Among the entries below, which lines run from the line with "本周在榜国服小乔 西施 杨玉环,【巅峰2100头像框】【可排位禁巅峰】【抢先】" through the line with "Nemački kancelar se"? Retype those, both ends included, exactly and without pictures.

---------- Data for review

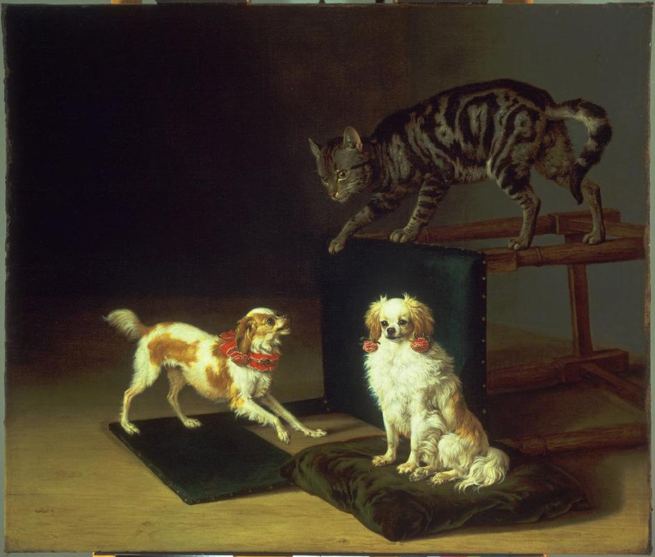 With a war this long, you’d be a fool to think that Dutch didn’t have any deep-seated feelings towards the Spanish. Ending just four years before Paulus Potter painted this, the Eighty Years’ War was still very fresh in the collective Dutch psyche. Coupled with the bravado of the newly-victorious Dutch, the time was ripe for a weirdly assertive painting of pets. A political reading of this painting declares that the cat represents the strength and cunning of Holland, and the two dogs are stand-ins for Spain - and not in a nice way. Seventeenth-century Dutch people called spaniels Spanish dogs, and one spaniel is wearing a pair of earrings that would have been the height of contemporary Spanish fashion. The dogs are definitely cute, but that’s not the point. Potter wants us to understand that these floofy boys are no match for the cat’s wit - a bold statement of the strength of the Netherlands after centuries of getting the beatdown from Spain.
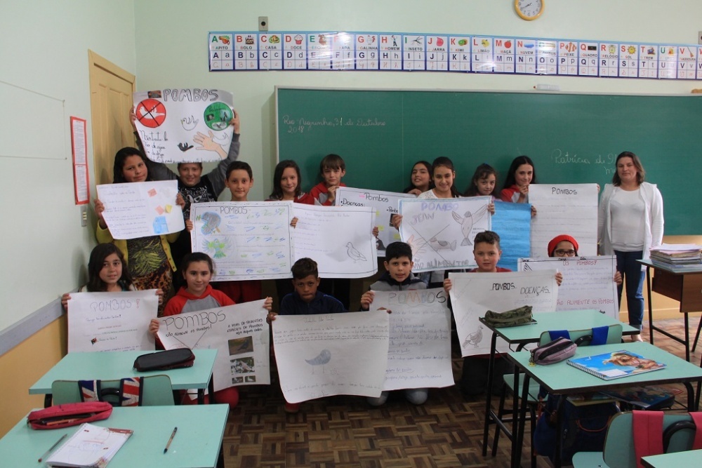 Quando iam brincar ou fazer atividades no pátio da EMEB Professora Irene Olinda Teifke Ribeiro, os estudantes do 5º ano 1 e 2 contavam com a companhia de pombos. Ao lado das janelas das salas, as aves também aproveitavam para se alimentar e descansar. A presença deles na escola preocupou a professora Patrícia Oliveira que transformou o problema em um motivo para despertar o interesse dos estudantes para uma pesquisa com rigor científico, tipo de estudo que eles tinham pouco contato. Intitulado como Projeto Pombo, a iniciativa estimulou as crianças a alertarem a comunidade escolar sobre as doenças, sintomas e cuidados com esses animais.
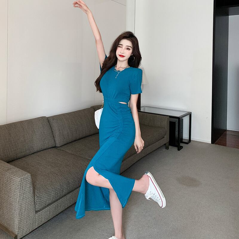 フランスのレトロなコールドスタイルの婦人服ハイエンドライトラグジュアリーレディースセクシーウエストオープンスプリットロングドレス女性夏 サマー 夏物 yingd81125879554
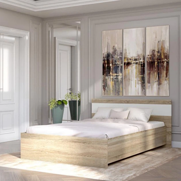Ліжко двоспальне MebelStar Б'янка 140x200 см Дуб тахо/Аляска білий (MBS-1030)
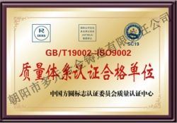 公司于2001年通過IS9001-2000質量管理體系認證,生產的多元牌高錳鋼鑄件于2005年榮獲"遼寧省名牌產品"稱號。
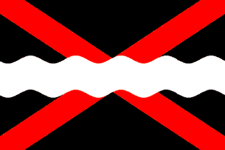 Black flag with a red saltire as wide as 1/6 of the flag's height, on top of it a white wavy stripe of the same width, showing five wave crests.
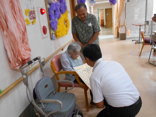 市役所から市長さんが来られ、ご家族様と一緒に百寿のお祝いをして下さいました。
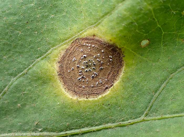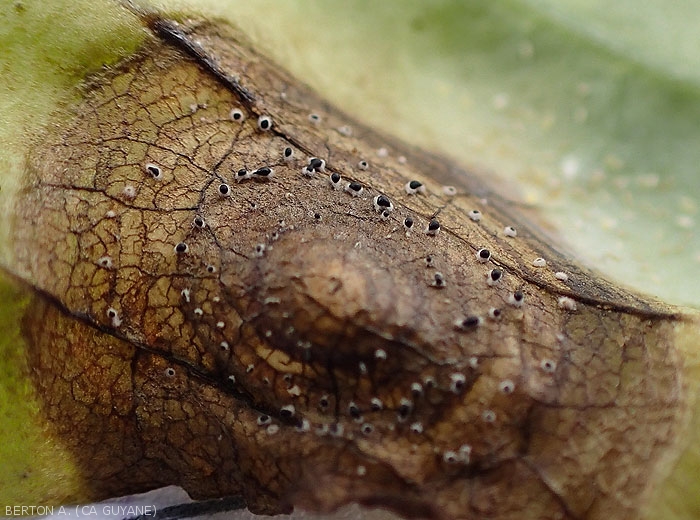 Signs : presence of grayish to black spore pads: sporodochia (figure 4). These structures are made up of numerous phialides which form cylindrical, hyaline to slightly olive conidia at their end.
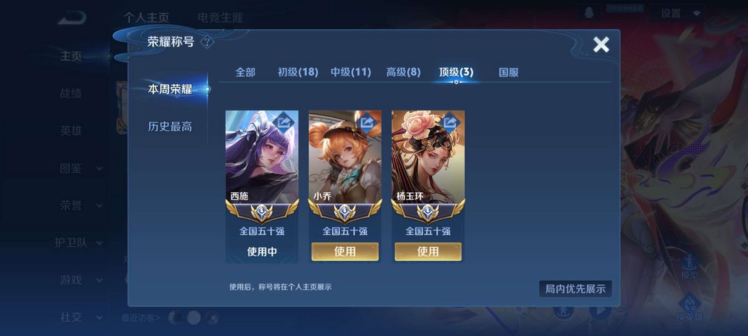 本周在榜国服小乔 西施 杨玉环,【巅峰2100头像框】【可排位禁巅峰】【抢先】
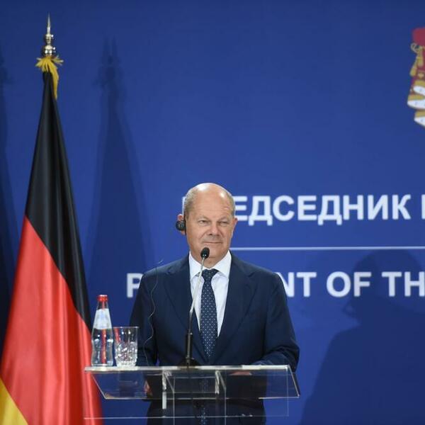 Nemački kancelar se nakon toga nasmejao. Usledila je poduža "dramska pauza" tokom koje su novinari očekivali odgovor nemačkog zvaničnika. Umesto toga Šolc je odgovorio:
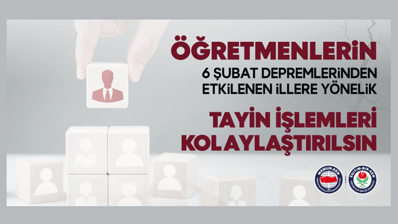 Yaşanmakta olan bu sorunu aşmak için deprem bölgesindeki il ve ilçelere yönelik atanma talepleri ile deprem bölgesinden diğer illere yönelik yer değişikliği taleplerinde öğretmenlere esneklik ve kolaylık sağlayacak yeni bir düzenleme yapılmasını Milli Eğitim Bakanlığından talep ettik.

--------------------

:: Task answer ::
 本周在榜国服小乔 西施 杨玉环,【巅峰2100头像框】【可排位禁巅峰】【抢先】
 Nemački kancelar se nakon toga nasmejao. Usledila je poduža "dramska pauza" tokom koje su novinari očekivali odgovor nemačkog zvaničnika. Umesto toga Šolc je odgovorio:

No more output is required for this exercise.